You life now is my future fear! My SD16 got her license right away but barley drives (just to school and back mostly), doesn't work, has never done any extra curricular activities (supposedly she is palying soccer now but we'll see how long that lasts) and the one time he told me I looked pretty in fornt of her she said "What about me daddy? Dont I look pretty?" (PUKE!)

Movingonisbest's picture

Did you and DH discuss the issues related to your SD prior to getting married? It really is odd that some of these men think a woman is going to be happy to come in and help coddle their failure to launch adult kid or adult kids.
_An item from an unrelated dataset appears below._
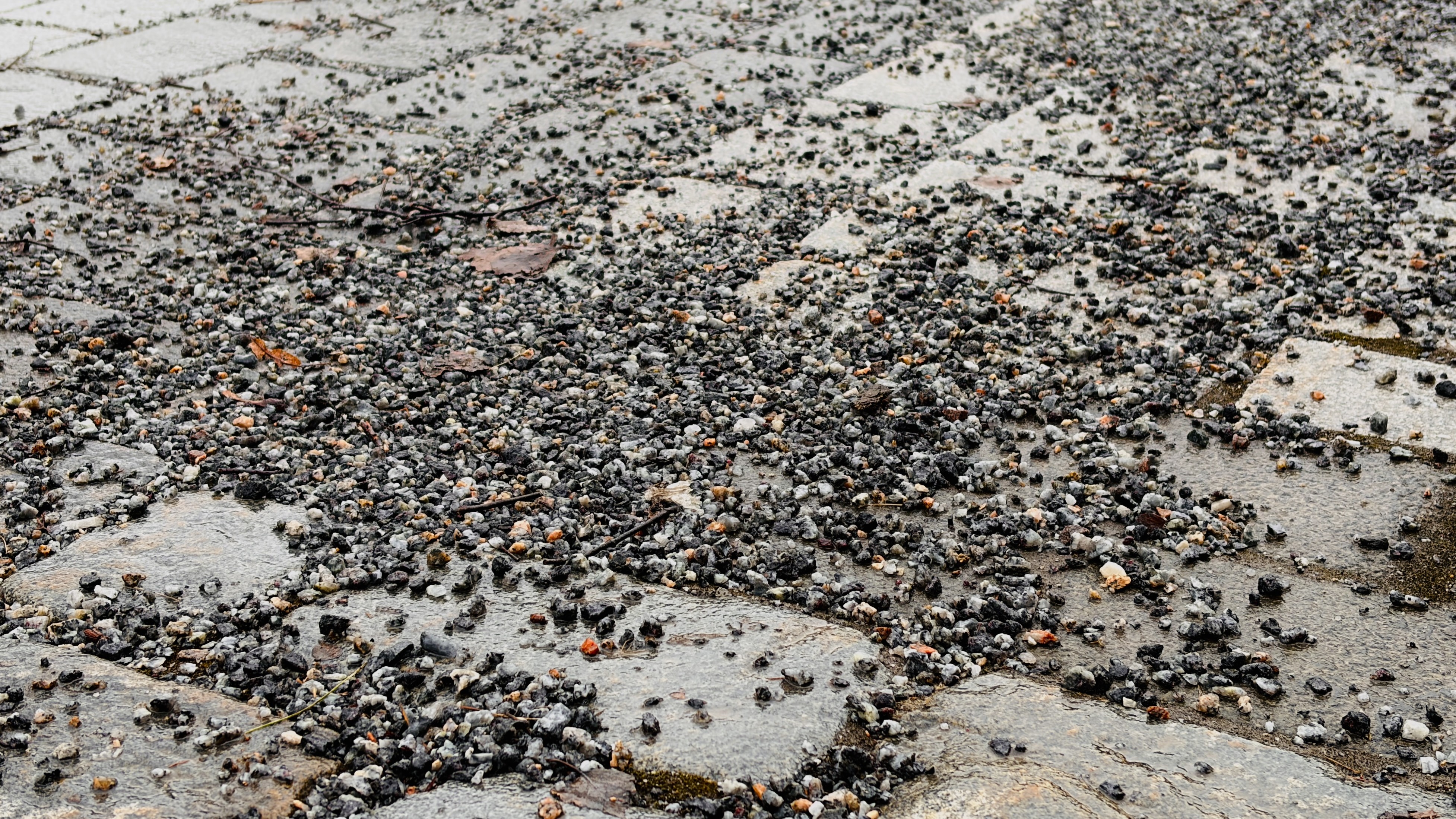 Gatstenar täckta med grus.

Have you ever asked him what the plan is for her given that she is 20 years old and not supporting herself? Assuming she graduated when she was 17 or 18, she has had 2-3 years to figure something out. 

Your SD is an adult and not a kid, so definitely time to have a strategic conversation on getting your SD to launch into adulthood. I wouldn't let this linger on for years. I hope for the sake of your marriage he is on board with realizing your SD needs to launch and the sooner the better.
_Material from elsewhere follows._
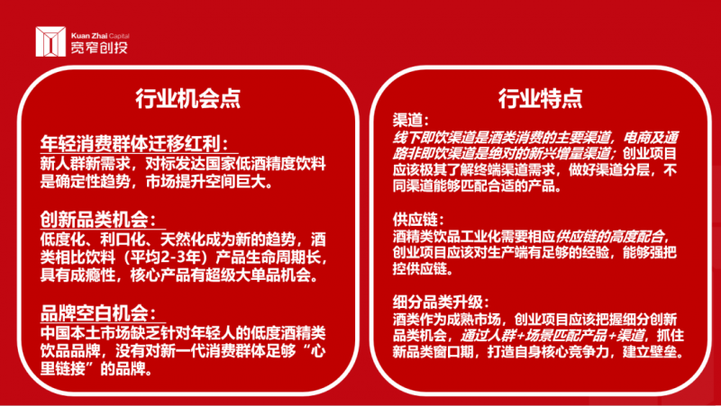 3.细分品类升级:酒类作为成熟市场,创业项目应该把握细分创新品类机会,通过人群+场景匹配产品+渠道,抓住新品类窗口期,打造自身核心竞争力,建立壁垒。

I was with a man that I told upfront that since my adult kids are independent, I only date men who have adult kids that are independent. Despite all of our adult kids being around the same age, mine were independent and he lied and covered up the fact his were not until he couldn't cover it up anymore.  So while my adult kids were working and supporting themselves, none of his adult kids worked enough to take care of themselves, they all lived with other people, the ones who had kids couldn't afford to take care of them, and they regularly called for money (one even demanded money).  I later found out that was where a lot of his irritability would come from. I ended the relationship with him because I earned significantly more than him, had less adult kids than him, he was dishonest, I wasn't helping financially support his adult kids, and I could tell this was going to be an ongoing problem. Life is so much better without him and those issues.

caninelover's picture

You guys need to agree on how much longer is reasonable and set a deadline for her to move out.

The rides are ridiculous.  A 20 year old is responsible for their own transportation.  If she doesn't want to drive then she should walk or take the bus.  

If she is not in school full time she works full time.  Even if that means doing all the chores around the house for the extra hours.  Or volunteering somewhere for another 10-20 hrs a week.

No way she is leaving home unless pushed.